I do like that word Sisu, S-I-S-U, that has to do with grit and resilience and determination and all those qualities that you would need if you were in one of those Finnish settlements up there in northern Wisconsin.

Right. Absolutely.

Because you can’t do it without a lot of internal strength, right?

Guts.

Yes.

Internal power.

A lot of pride in that word, right?

Mm—

Call us with your language question, 877-929-9673.

You know, thinking about childhood misunderstandings, Grant, it occurred to me the other day that I had a big light bulb moment.

I’m not sure how old I was, but I might have been in late elementary school or early junior high school when I realized that the State of the Union was talking about the condition of the United States, the State of the Union.

I had thought for the longest time that it was a competition every year.

They were going to announce the State of the Union.

And every year I was thinking, oh, I hope it’s going to be Kentucky.

You’re very state proud.

I was very state proud.

And I guess I, you know, I heard about all this buildup to the State of the Union.

And then I guess I never heard the actual speech.

So I was just hoping that Kentucky, my home state.

All of Congress is gathered.

Right.

And I was just hoping my home state.

President is there.

Yeah.

Your home state’s going to get recognized for the greatness.

It’s due.

It’s time.

Right.

Time for Kentucky to get what is owed.

That’s wonderful.

877-99-9673.

You’re listening to A Way with Words, the show about language and how we use it.

I’m Grant Barrett.

And I’m Martha Barnette.

I’ve been thinking a lot lately about the advice that I would give to young Martha starting out as a writer.

You know, the stuff that I wish that I’d known when I was first learning to try to sell my prose.

And the reason I was thinking about this is because there was a wonderful essay in the Writer magazine by Bonnie Hearn Hill.

She’s a novelist.

And she wrote what’s basically just a list of all the things that she wished that she had known when she started out.

She says, for example, I’m glad I figured out that there is no secret.

Writing is an art and a craft.

We’re born with a certain amount of one, and we can learn everything we need to know about the other.

The best way to learn is on our own work.

And the other one I really like is she says, I wish I’d known that if the story doesn’t take off until page 142, you better start it there.

Those are both so good.

The advice that there is no secret is true for everything, not just writing.

Isn’t it?

Absolutely everything.

Just show up.

I don’t care what you’re trying to do.

There’s no secret.

And so anytime I see ads or say the secret to blah, blah, blah, I’m like, that ad’s junk.

That ad’s junk.

That ad is junk.

Yep, yep.

The more I thought about this, the more I thought that a couple of the things that I wish I’d known were about starting and stopping.

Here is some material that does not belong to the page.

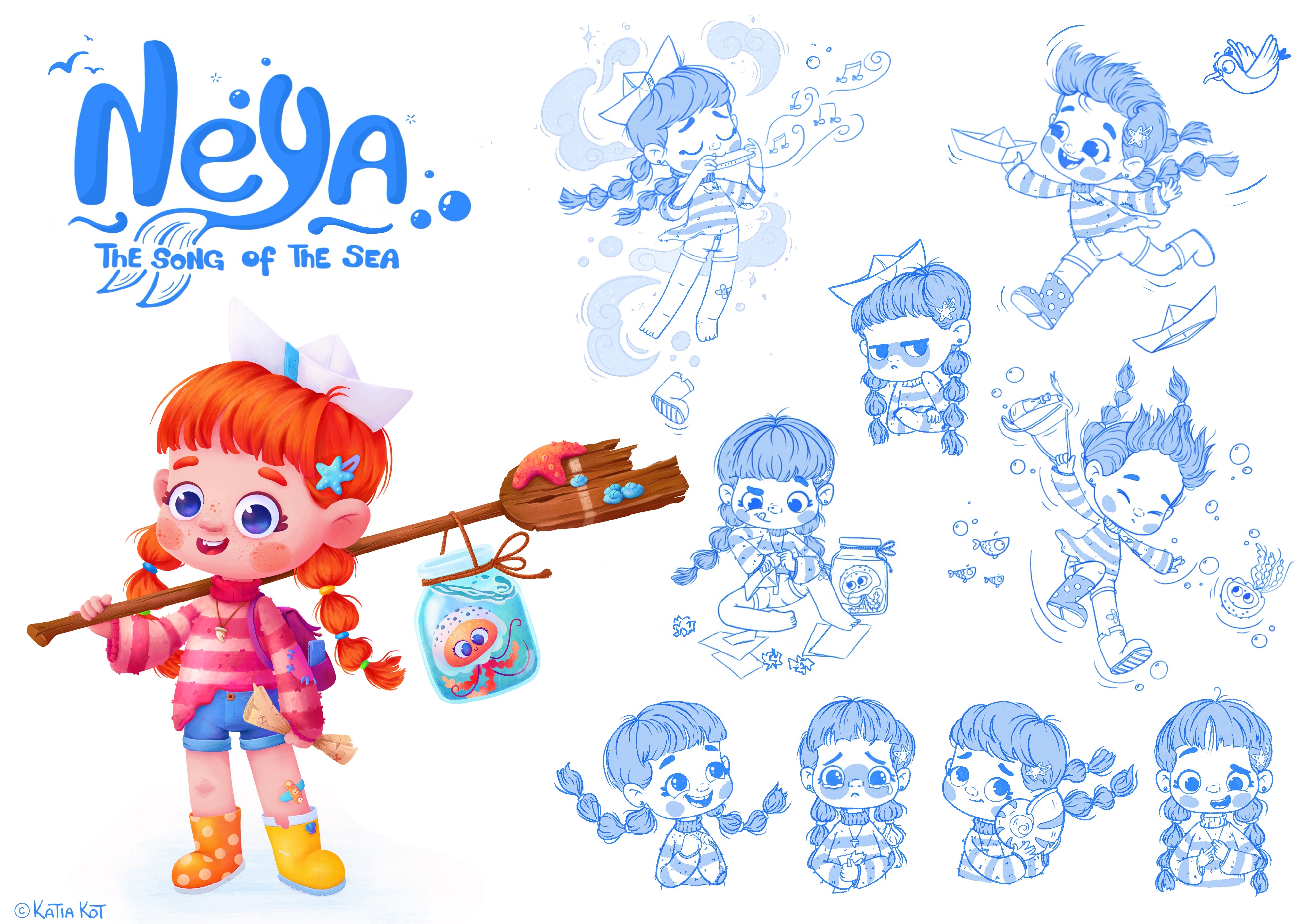 Neya is the main character of my original story “The Song of the Sea”, inspired by sea legends and adventures. This character sheet showcases Neya’s design, personality, emotions, and key story moments. The artwork is created digitally with bright colors, soft textures, and expressive character design.

The starting is that I wish I had taught myself to start much earlier than I think I need to.

You mean earlier in the day or earlier in life?

Well, earlier in the process of writing a particular book or paper or article.

Because you need that time to just put it aside and let it sit.

Let it cool off.

Stick it in your drawer and come back the next day.

So further away from the deadline.

Yeah, yeah.

And then come back and look at it after it’s had a chance to cool.

Because I guess I became a pretty good editor.

Because I can look at what I wrote yesterday and think, oh, that’s terrible, that’s terrible, that’s terrible.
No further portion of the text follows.